For GFF3, checkout @gmod/gff-js package found here

Install

$ npm install --save @gmod/gtf

Usage

import gtf from '@gmod/gtf'

// parse a file from a file name
gtf.parseFile('path/to/my/file.gtf', { parseAll: true })
.on('data', data => {
  if (data.directive) {
    console.log('got a directive',data)
  }
  else if (data.comment) {
    console.log('got a comment',data)
  }
  else if (data.sequence) {
    console.log('got a sequence from a FASTA section')
  }
  else {
    console.log('got a feature',data)
  }
})

// parse a stream of GTF text
const fs = require('fs')
fs.createReadStream('path/to/my/file.gtf')
.pipe(gtf.parseStream())
.on('data', data => {
  console.log('got item',data)
  return data
})
.on('end', () => {
  console.log('done parsing!')
})

// parse a string of gtf synchronously
let stringOfGTF = fs
  .readFileSync('my_annotations.gtf')
  .toString()
let arrayOfThings = gtf.parseStringSync(stringOfGTF)

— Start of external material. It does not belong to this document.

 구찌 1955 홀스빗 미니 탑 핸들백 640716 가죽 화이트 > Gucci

// format an array of items to a string
let stringOfGTF = gtf.formatSync(arrayOfThings)

// format a stream of things to a stream of text.
// inserts sync marks automatically.
// note: this could create new gtf lines for transcript features
myStreamOfGTFObjects
.pipe(gtf.formatStream())
.pipe(fs.createWriteStream('my_new.gtf'))

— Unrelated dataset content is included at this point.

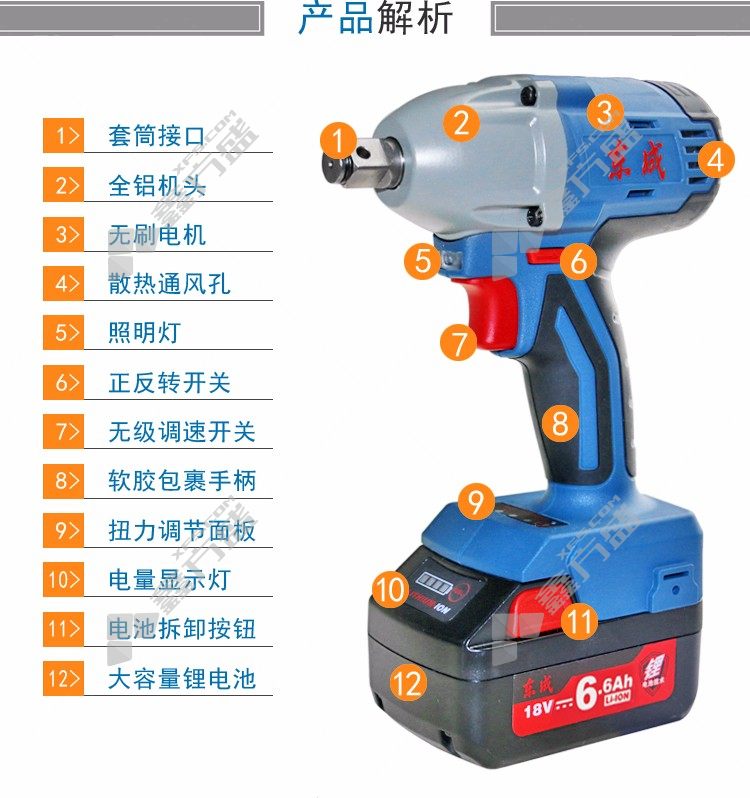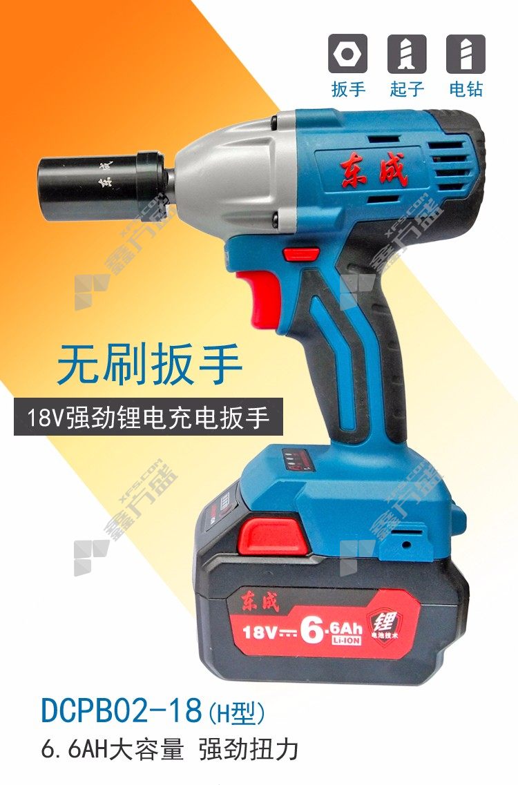 商品名称: 东成 DCPB02-18H 单电无刷充电式冲击扳手 DCPB02-18H 18V 6.0Ah 单电 无刷 00001140004

// format a stream of things and write it to
// a gtf file. inserts sync marks
//  note: this could create new gtf lines for transcript features
myStreamOfGTFObjects
.pipe(gtf.formatFile('path/to/destination.gtf')

Object format

features

Because GTF can not handle a 3 level hierarchy (gene -> transcript -> exon), we parse GTF by creating transcript features with children features.

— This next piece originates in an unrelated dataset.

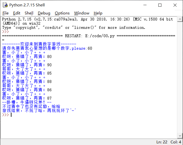 print("游戏结束,不玩了哈,再玩玩坏了^-^")

We do not create features from the gene_id. Values that are . in the GTF are null in the output.

ctgA	bare_predicted	CDS	10000	11500	.	+	0	transcript_id "Apple1";

Note: that is creates an additional transcript feature from the transcript id when featureType is not 'transcript'. It will then create a child CDS feature from the line of GTF shown above.

[
    [
        {
            "seq_name": "ctgA",
            "source": "bare_predicted",
            "featureType": "transcript",
            "start": 10000,
            "end": 11500,
            "score": null,
            "strand": "+",
            "frame": "0",
            "attributes": { "transcript_id": [ "\"Apple1\"" ] },
            "child_features": [[
                {
                    "seq_name": "ctgA",
                    "source": "bare_predicted",
                    "featureType": "CDS",
                    "start": 10000,
                    "end": 11500,
                    "score": null,
                    "strand": "+",
                    "frame": "0",
                    "attributes": { "transcript_id": [ "\"Apple1\"" ] },
                    "child_features": [],
                    "derived_features": []
                }
            ]],
            "derived_features": []
        }
    ]
]

directives, comments, sequences

parseDirective("##gtf\n")
// returns
{
  "directive": "gtf",
}

parseComment('# hi this is a comment\n')
// returns
{
  "comment": "hi this is a comment"
}

//These come from any embedded `##FASTA` section in the GTF file.
{
  "id": "ctgA",
  "description": "test contig",
  "sequence": "ACTGACTAGCTAGCATCAGCGTCGTAGCTATTATATTACGGTAGCCA"
}

API

Table of Contents

parseStream

Parse a stream of text data into a stream of feature, directive, and comment objects.

Parameters

  • options Object optional options object (optional, default {})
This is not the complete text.